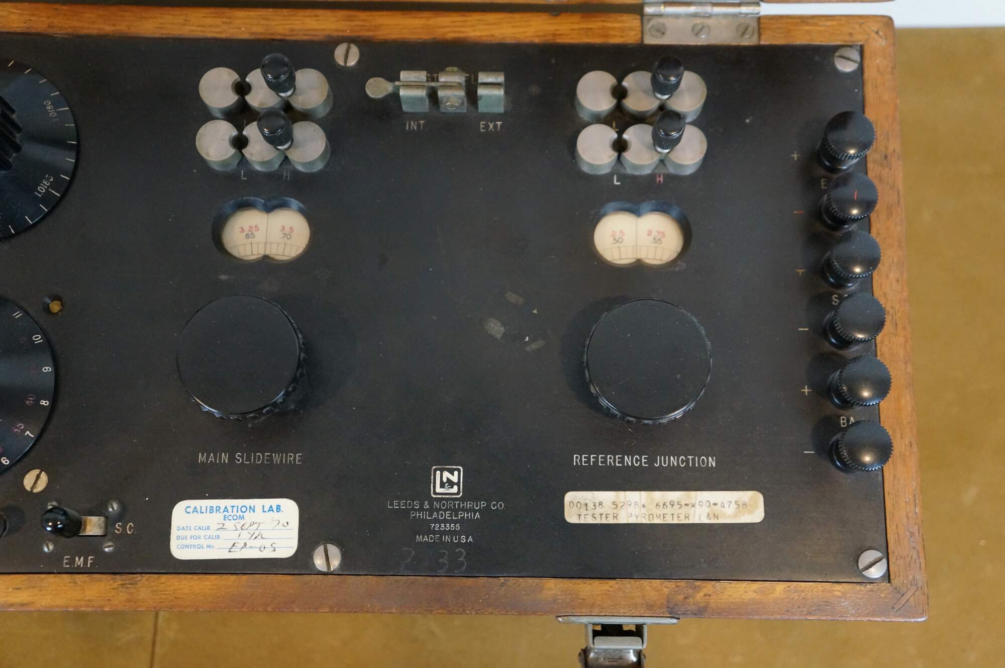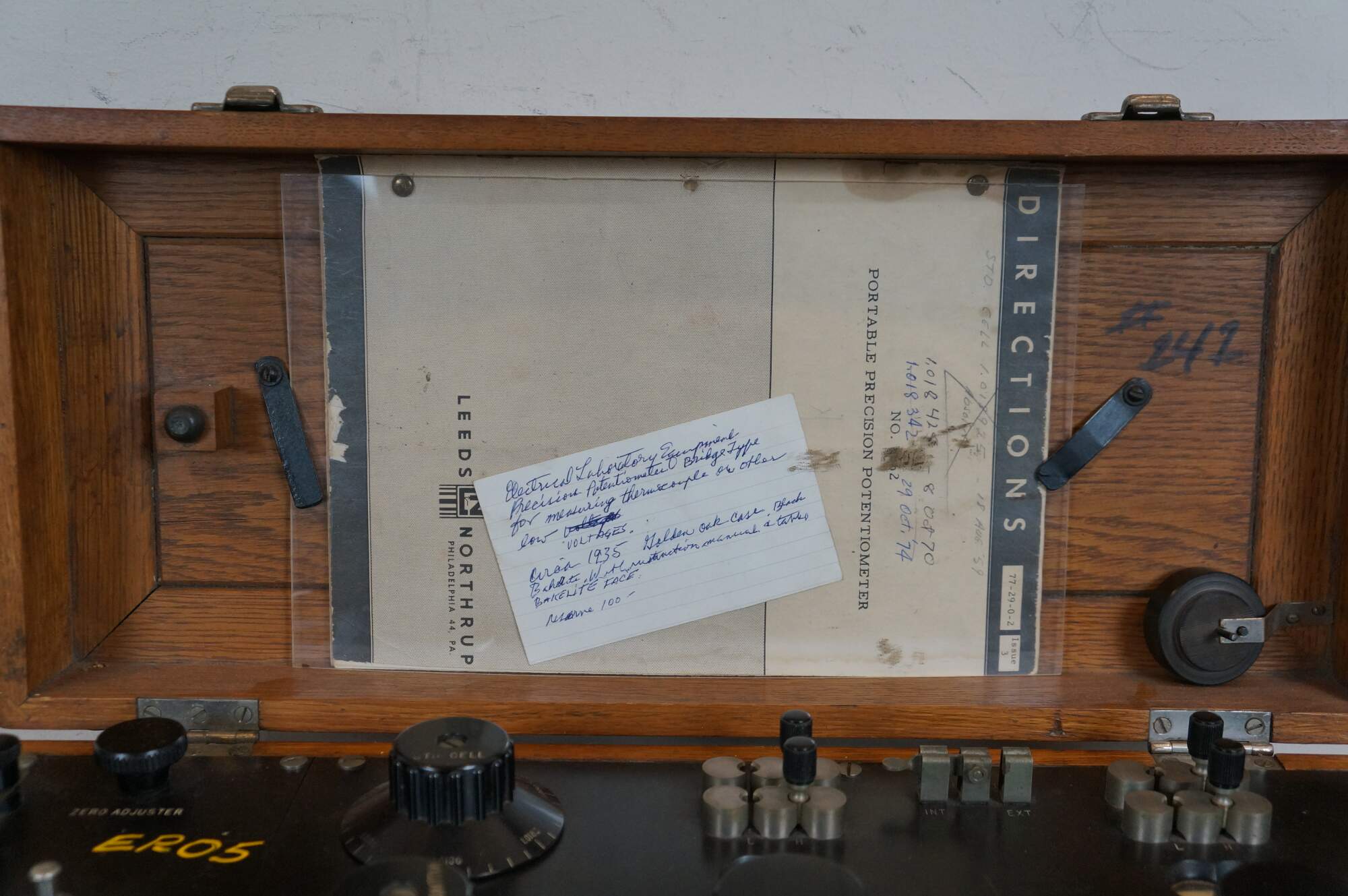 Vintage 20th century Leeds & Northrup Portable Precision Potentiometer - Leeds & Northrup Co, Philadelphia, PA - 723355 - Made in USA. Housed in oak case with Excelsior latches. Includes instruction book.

* * *

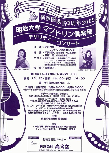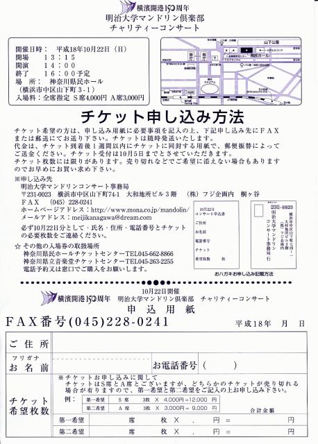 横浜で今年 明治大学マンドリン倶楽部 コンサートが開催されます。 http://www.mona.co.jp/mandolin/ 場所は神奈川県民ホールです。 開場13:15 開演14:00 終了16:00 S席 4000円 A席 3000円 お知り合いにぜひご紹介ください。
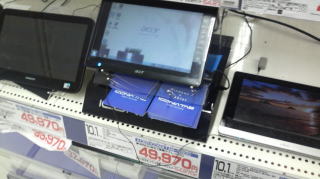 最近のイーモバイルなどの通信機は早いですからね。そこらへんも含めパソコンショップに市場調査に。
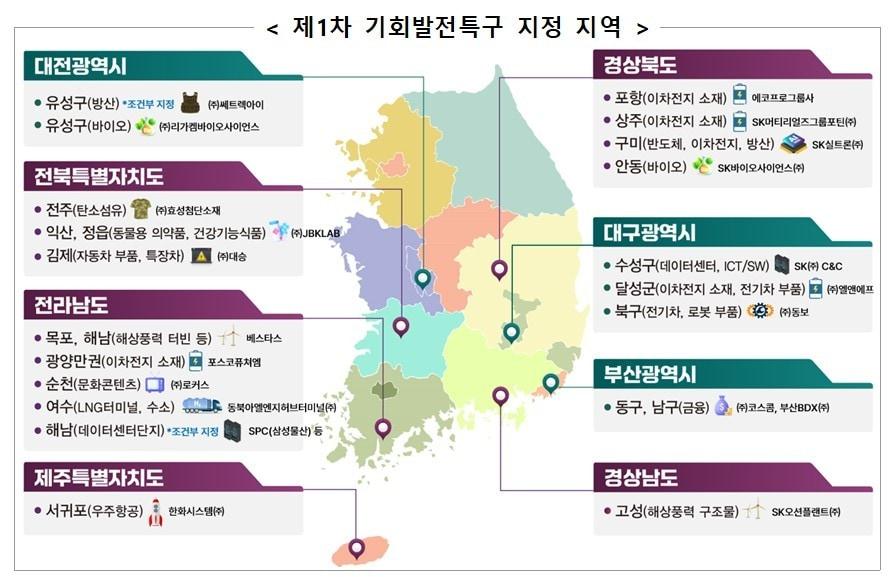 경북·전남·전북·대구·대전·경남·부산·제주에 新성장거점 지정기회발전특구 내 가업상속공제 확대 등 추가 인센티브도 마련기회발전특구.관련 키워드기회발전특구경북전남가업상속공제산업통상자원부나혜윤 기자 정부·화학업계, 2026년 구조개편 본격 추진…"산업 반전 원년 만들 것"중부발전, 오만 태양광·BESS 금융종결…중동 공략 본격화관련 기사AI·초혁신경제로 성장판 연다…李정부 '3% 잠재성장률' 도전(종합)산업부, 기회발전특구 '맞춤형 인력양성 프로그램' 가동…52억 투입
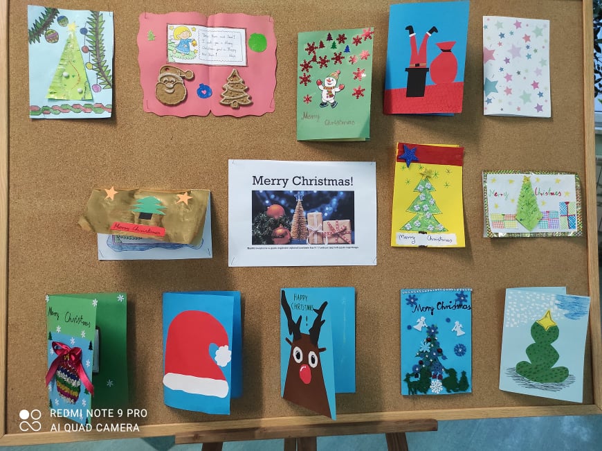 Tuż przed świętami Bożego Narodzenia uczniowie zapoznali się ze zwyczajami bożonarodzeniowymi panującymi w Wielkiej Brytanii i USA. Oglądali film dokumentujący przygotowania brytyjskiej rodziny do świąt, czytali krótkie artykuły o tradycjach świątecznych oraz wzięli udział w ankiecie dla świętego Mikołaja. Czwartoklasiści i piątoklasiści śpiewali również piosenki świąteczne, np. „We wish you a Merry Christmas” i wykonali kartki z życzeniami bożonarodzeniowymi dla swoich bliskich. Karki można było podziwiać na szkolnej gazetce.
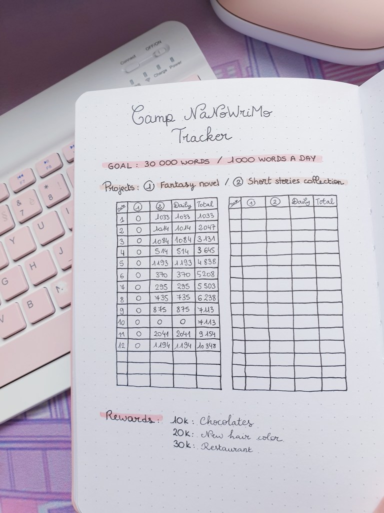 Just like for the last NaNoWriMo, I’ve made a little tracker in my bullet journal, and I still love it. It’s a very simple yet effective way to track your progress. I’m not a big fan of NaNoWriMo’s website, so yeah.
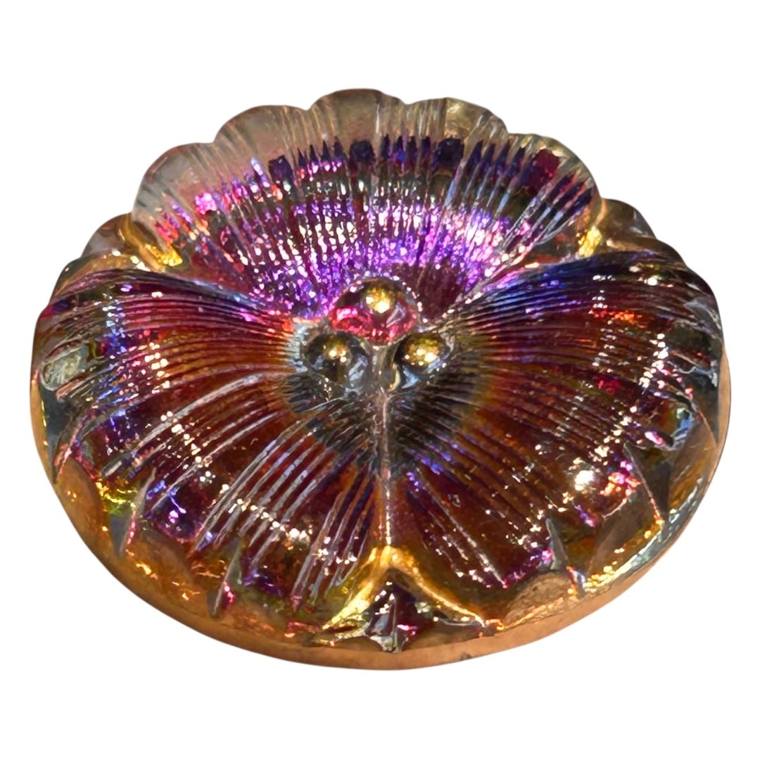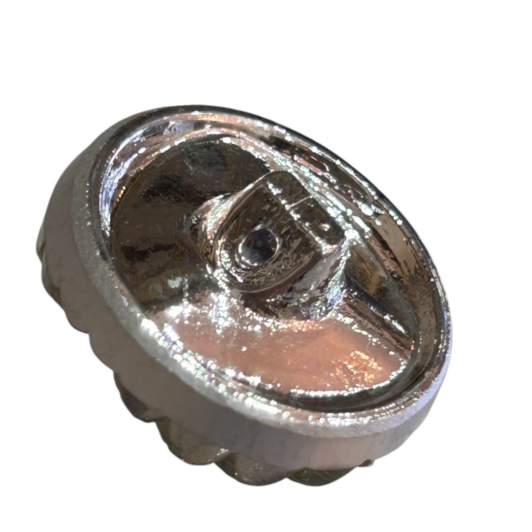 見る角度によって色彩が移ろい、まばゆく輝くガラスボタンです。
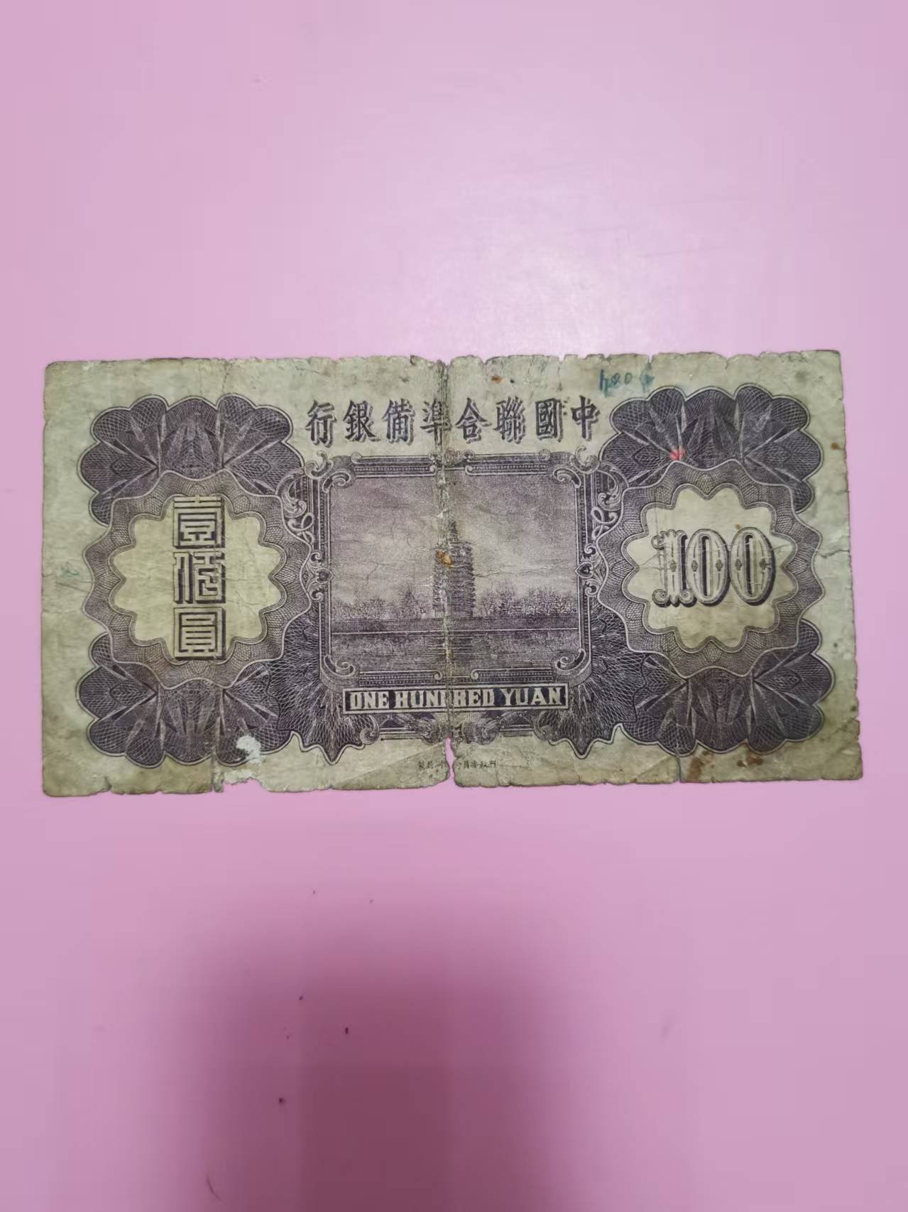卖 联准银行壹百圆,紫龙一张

▶ TASK BRIEF
Working from the entries above, reproduce exactly and only the lines beginning with the line that has "見る角度によって色彩が移ろい、まばゆく輝くガラスボタンです。" and ending with the line that has "卖 联准银行壹百圆,紫龙一张"; omit all pictures.

▶ TASK ANSWER
 見る角度によって色彩が移ろい、まばゆく輝くガラスボタンです。
卖 联准银行壹百圆,紫龙一张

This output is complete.